From the very first measures of the mournful Stabat Mater, one feels the pain and piety behind these works. Scored for ten voices and basso continuo, the Stabat Mater features long vocal phrases that seem to wash over the listener like waves. Scarlatti uses all ten voices to their maximum effect - sometimes the voices are doubled, sometimes they sing in counterpoint, sometimes four sopranos sing with a tenor; but the overall texture and tone of the work is rich and opulent. This is far from the polychoral tradition of Benevolo and his contemporaries, which was popular in Rome at the time. Yet it is not quite the vocal style of madrigals, either. There is a lush polyphony, but it also exhibits a certain starkness.

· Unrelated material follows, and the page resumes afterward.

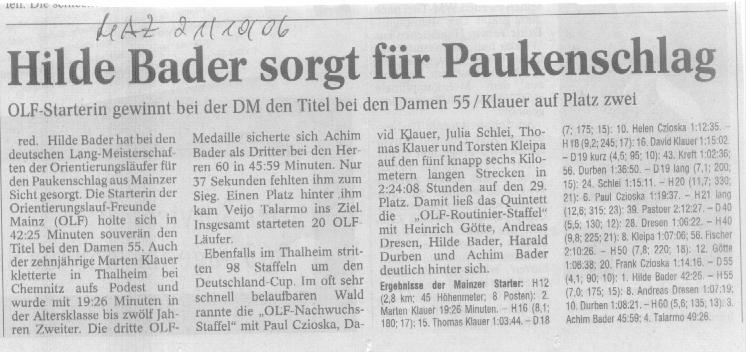 In den verschiedenen Altersklassen gingen auch 20 Mainzer Orientierungsläufer der OLF Mainz an den Start. Den größten Erfolg konnte Hilde Bader bei den Damen 55 feiern. In 42:25 Minuten siegte sie souverän und wurde Deutsche Meisterin. Der noch 10jährige Marten Klauer wurde 2. bei den Herren bis 12 Jahre. Achim Bader erreichte bei den Herren 60 in 45:59 Minuten einen hervorragenden 3. Platz. Ihm fehlten nur 37 Sekunden zum Sieg! Veijo Talarmo kam auf den 4. Platz.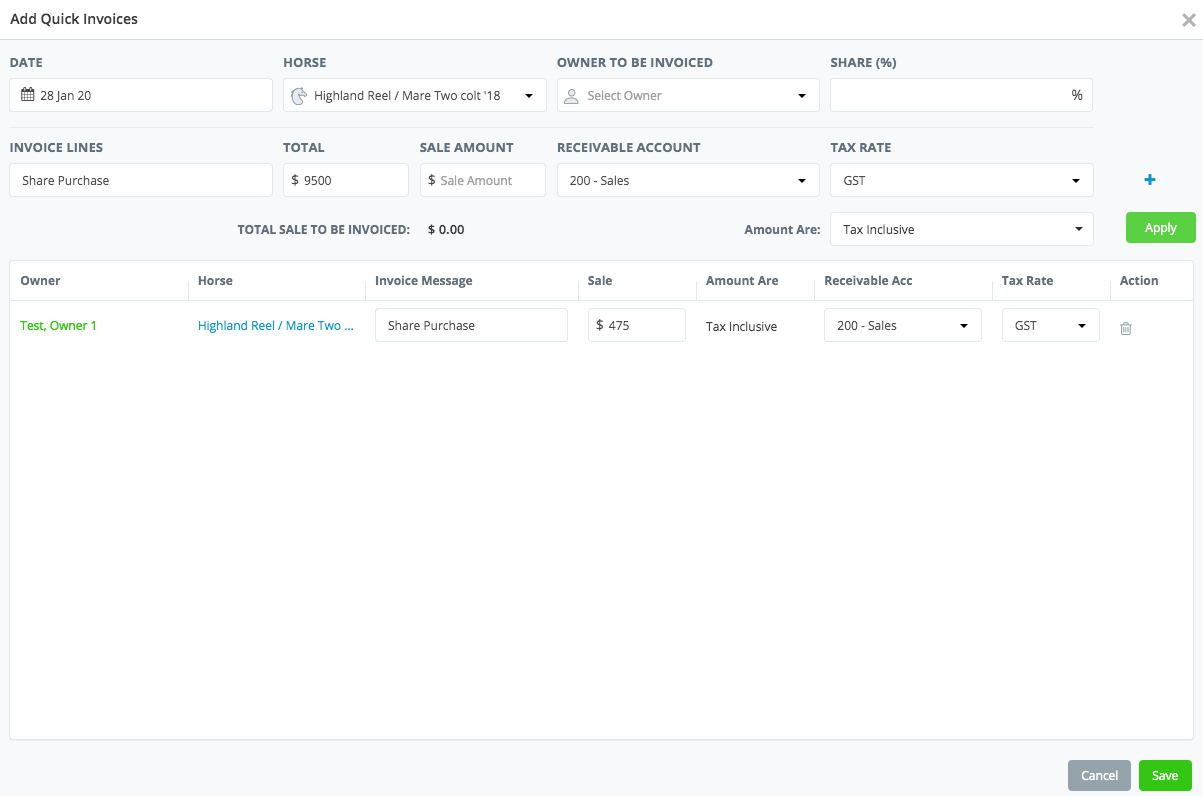 - Select horse being sold, the owner to be invoiced, and share % being sold

The Missa Breve 'La Stella' is one of three works on this disc for double choir. While parts of the work approach a polyphonic style, where all the voices sing together, the first two movements are written in stile concertato, where there are contrasts between tutti and solo parts. As in the Stabat Mater, this work shows a unique vocal style that is rich in counterpoint and texture. The two choirs are well-balanced, and the continuo holds the music together perfectly without intruding.

The motet O Magnum Mysterium, by Domenico's father Alessandro Scarlatti, provides an interesting counterpoint, showing the similarities and differences between the works of the father and son.

The final piece, a short work, Iste Confessor, is a delightfully positive, triumphant, yet intimate work. A solo soprano sings a simple, elegant melody (a hymn that sounds almost like a Christmas carol), which is accompanied in alternating voices by the choir. This small work is huge in its emotional content, and soprano Catherine Greuillet's limpid voice is magnificent.

This is a beautiful performance of some powerful, emotional music. The singers are excellent, and the balance between the voices and the continuo is perfect, as is the recording itself. This deserves the highest recommendation.